WORK TO BE COMPLETED: Below are the records; give again exactly the line with "Majed Albassil On", the line with "不管是五类、六类网线的颜色都", and each line that lies between them, and nothing besides.

EXERCISE MATERIALS:

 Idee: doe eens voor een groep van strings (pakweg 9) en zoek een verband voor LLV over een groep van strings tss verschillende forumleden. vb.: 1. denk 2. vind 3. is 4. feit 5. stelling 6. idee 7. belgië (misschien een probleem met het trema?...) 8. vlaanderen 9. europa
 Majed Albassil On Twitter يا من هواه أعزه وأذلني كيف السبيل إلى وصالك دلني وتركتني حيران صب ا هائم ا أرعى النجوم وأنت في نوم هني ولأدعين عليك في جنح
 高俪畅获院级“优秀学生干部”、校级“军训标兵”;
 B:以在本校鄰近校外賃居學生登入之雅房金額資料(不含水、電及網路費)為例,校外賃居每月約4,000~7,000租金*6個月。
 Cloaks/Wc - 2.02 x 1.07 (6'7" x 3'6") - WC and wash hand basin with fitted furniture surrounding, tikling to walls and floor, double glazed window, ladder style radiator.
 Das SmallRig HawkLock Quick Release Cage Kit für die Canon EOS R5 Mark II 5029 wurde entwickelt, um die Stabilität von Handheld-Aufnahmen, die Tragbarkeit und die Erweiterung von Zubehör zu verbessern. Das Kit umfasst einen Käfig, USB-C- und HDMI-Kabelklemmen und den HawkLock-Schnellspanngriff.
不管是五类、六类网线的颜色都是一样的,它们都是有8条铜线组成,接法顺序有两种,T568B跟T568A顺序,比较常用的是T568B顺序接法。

...

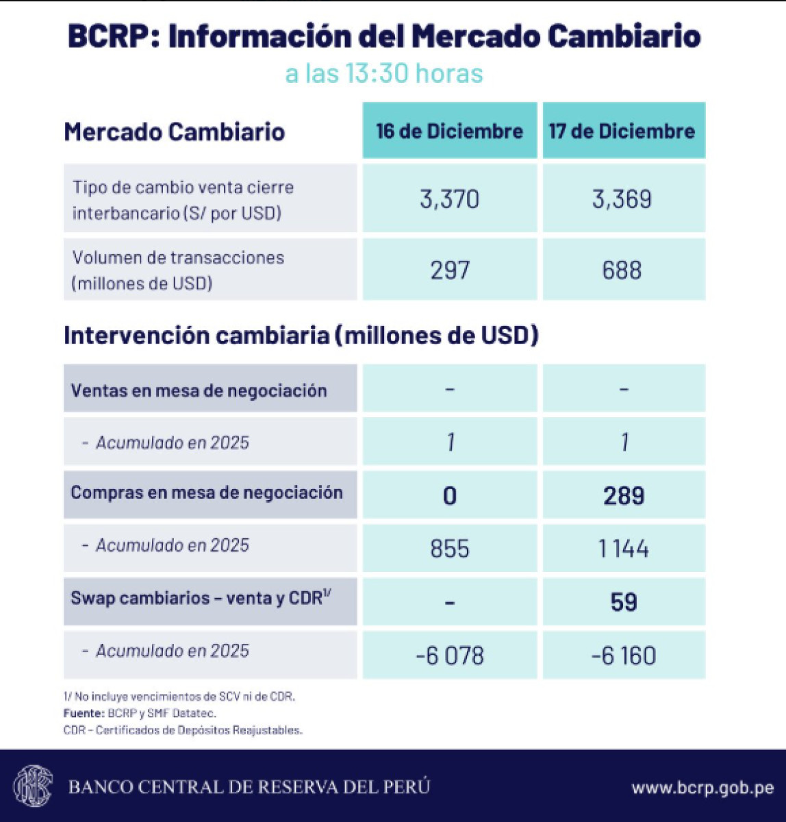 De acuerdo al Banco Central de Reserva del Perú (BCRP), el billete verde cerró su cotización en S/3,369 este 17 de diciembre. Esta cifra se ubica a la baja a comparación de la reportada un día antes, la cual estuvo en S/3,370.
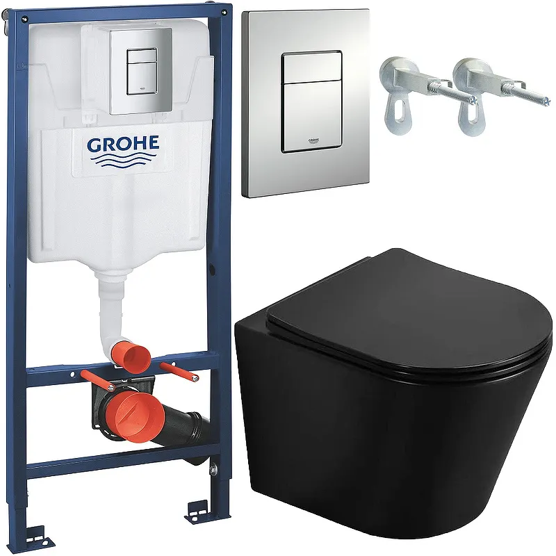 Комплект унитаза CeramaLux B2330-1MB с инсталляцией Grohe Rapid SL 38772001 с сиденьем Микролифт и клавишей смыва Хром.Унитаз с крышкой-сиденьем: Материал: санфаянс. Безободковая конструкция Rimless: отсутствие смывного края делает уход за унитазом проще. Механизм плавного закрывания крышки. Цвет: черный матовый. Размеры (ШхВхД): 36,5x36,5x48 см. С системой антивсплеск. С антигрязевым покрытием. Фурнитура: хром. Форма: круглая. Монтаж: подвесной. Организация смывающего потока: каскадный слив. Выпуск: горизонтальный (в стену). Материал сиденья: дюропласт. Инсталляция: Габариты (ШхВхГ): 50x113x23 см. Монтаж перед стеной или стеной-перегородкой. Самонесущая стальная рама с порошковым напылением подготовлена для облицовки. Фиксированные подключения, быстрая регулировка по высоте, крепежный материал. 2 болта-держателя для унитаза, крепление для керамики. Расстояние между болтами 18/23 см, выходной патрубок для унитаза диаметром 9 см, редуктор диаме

---

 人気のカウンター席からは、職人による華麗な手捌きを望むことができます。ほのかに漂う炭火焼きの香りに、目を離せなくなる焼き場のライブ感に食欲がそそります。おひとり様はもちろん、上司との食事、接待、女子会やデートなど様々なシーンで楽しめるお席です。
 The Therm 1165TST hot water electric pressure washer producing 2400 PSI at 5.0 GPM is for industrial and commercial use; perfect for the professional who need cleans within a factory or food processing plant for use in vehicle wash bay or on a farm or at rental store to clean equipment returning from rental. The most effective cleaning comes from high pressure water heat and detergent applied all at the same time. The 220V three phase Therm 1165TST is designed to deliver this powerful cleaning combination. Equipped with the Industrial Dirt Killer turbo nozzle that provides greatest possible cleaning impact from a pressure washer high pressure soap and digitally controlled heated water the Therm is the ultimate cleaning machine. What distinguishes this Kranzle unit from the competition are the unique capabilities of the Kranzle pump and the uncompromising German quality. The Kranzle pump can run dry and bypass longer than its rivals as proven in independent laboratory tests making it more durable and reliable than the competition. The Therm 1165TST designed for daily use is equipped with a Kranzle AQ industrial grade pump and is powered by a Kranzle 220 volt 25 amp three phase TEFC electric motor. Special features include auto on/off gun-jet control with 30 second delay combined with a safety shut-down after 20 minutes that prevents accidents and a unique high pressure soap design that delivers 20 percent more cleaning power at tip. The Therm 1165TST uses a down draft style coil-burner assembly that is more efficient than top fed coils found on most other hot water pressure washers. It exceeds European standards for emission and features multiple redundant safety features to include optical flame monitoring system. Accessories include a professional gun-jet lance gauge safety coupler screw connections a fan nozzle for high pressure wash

PROBLEM SOLUTION:
 Majed Albassil On Twitter يا من هواه أعزه وأذلني كيف السبيل إلى وصالك دلني وتركتني حيران صب ا هائم ا أرعى النجوم وأنت في نوم هني ولأدعين عليك في جنح
 高俪畅获院级“优秀学生干部”、校级“军训标兵”;
 B:以在本校鄰近校外賃居學生登入之雅房金額資料(不含水、電及網路費)為例,校外賃居每月約4,000~7,000租金*6個月。
 Cloaks/Wc - 2.02 x 1.07 (6'7" x 3'6") - WC and wash hand basin with fitted furniture surrounding, tikling to walls and floor, double glazed window, ladder style radiator.
 Das SmallRig HawkLock Quick Release Cage Kit für die Canon EOS R5 Mark II 5029 wurde entwickelt, um die Stabilität von Handheld-Aufnahmen, die Tragbarkeit und die Erweiterung von Zubehör zu verbessern. Das Kit umfasst einen Käfig, USB-C- und HDMI-Kabelklemmen und den HawkLock-Schnellspanngriff.
不管是五类、六类网线的颜色都是一样的,它们都是有8条铜线组成,接法顺序有两种,T568B跟T568A顺序,比较常用的是T568B顺序接法。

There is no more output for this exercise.